__DATA EXTRACT__.
.....
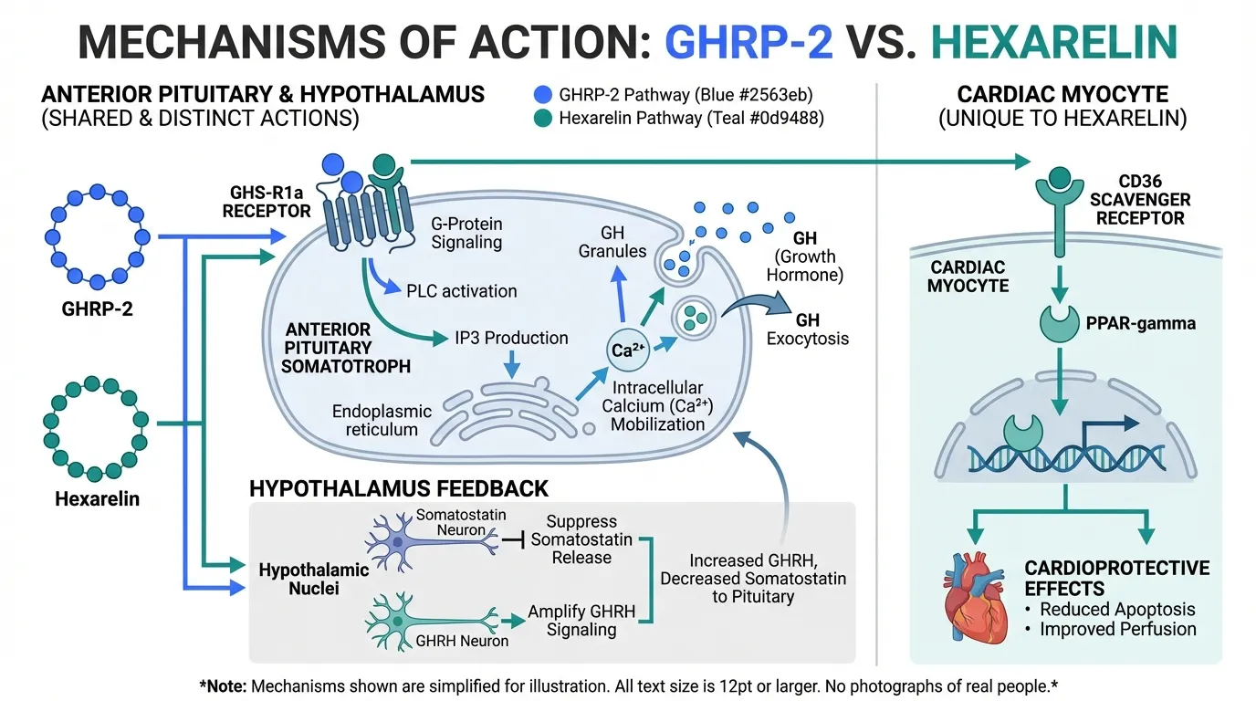 Hexarelin shares the core GHS-R1a mechanism with GHRP-2, activating pituitary somatotrophs to release stored GH through calcium-dependent exocytosis. At the hypothalamic level, Hexarelin similarly suppresses somatostatin tone and enhances GHRH neuronal activity. However, Hexarelin consistently produces the largest GH release of any synthetic GHS studied in human clinical trials, with peak GH levels exceeding those achieved by GHRP-2, GHRP-6, or ipamorelin at comparable doses.
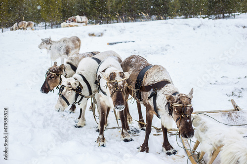 © Natalia, Naklejka premium Reindeer in a team in winter in northern Russia, Khanty-Mansiysk District, at the celebration of the Day of the Reindeer Herder
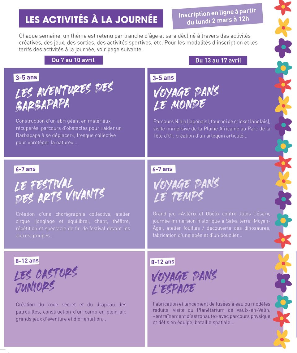 Les activités proposées par la Ville pendant les périodes de vacances scolaires s’organisent autour de 2 propositions et 3 tranches d’âge.
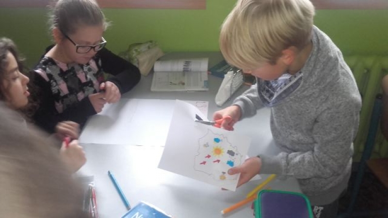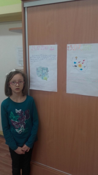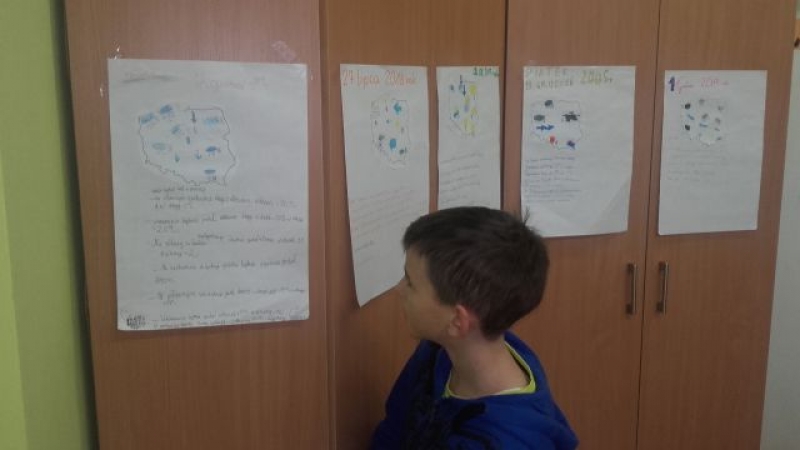 Poczas zajęć przyrody uczniowie klas IV mieli okazję spradzić się w roli prezentera pogody. Najpierw poszczególne grupy przygotowały prognozę pody dla Polski, a następnie zaprezentowały swoje propozycje na forum klasy.
.....
__TASK TO CARRY OUT__. The expected output is the run of lines from the one containing "the Reindeer Herder" to the last line of the listing above, both included, word for word and free of pictures.

__TASK SOLUTION__.
 © Natalia, Naklejka premium Reindeer in a team in winter in northern Russia, Khanty-Mansiysk District, at the celebration of the Day of the Reindeer Herder
 Les activités proposées par la Ville pendant les périodes de vacances scolaires s’organisent autour de 2 propositions et 3 tranches d’âge.
 Poczas zajęć przyrody uczniowie klas IV mieli okazję spradzić się w roli prezentera pogody. Najpierw poszczególne grupy przygotowały prognozę pody dla Polski, a następnie zaprezentowały swoje propozycje na forum klasy.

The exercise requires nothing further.